Literature DB >> 19735104

PI-3 kinase pathway can mediate the effect of TGF-beta1 in inducing the expression of SHARP-2 in LLC-PK1 cells.

Zhang-fei Shou1, Qin Zhou, Jie-ru Cai, Jiang-hua Chen, Kazuya Yamada, Kaoru Miyamoto.   

Abstract

We aim to investigate the effect of transforming growth factor (TGF)-beta1 on the expression of enhancer of split- and hairy-related protein-2 (SHARP-2) messenger RNA (mRNA) and its signaling pathway. In this study, several cell lines including LLC-PK1 (a porcine kidney tubular epithelial cell line), MDCK (Madin-Darby canine kidney) and CTLL-2 (cytotoxic T-lymphocyte line) were treated with recombinant human TGF-beta1, and a series of experiments were carried out, involving Northern blot analysis of total RNA from these cells. Further, several specific chemical inhibitors were applied before TGF-beta1 treatment to probe the signaling pathway. The results showed that TGF-beta1 can significantly up-regulate SHARP-2 mRNA expression in the LLC-PK1 cell line. The peak level of induction was found 2 h after TGF-beta1 stimulation.
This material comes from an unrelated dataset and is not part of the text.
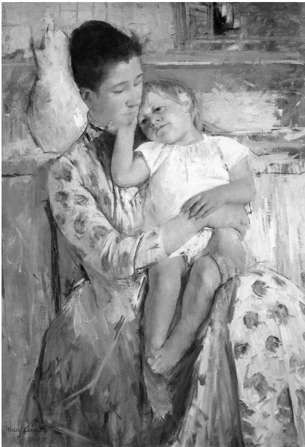
Fig. 1b – Mother and Child – Mary Cassatt

While one phosphoinositide 3-kinases (PI-3) kinase inhibitor, LY294002, completely blocked the effect of TGF-beta1 on SHARP-2 mRNA expression in LLC-PK1 cells at a low concentration, other inhibitors, including PD98059, staurosporine, AG490, wortmannin, okadaic acid and rapamycin, had no effect. The effect of LY294002 was dose-dependent. We conclude that, in LLC-PK1 cells at least, TGF-beta1 can effectively induce the SHARP-2 mRNA expression and that the PI-3 kinase pathway can mediate this effect.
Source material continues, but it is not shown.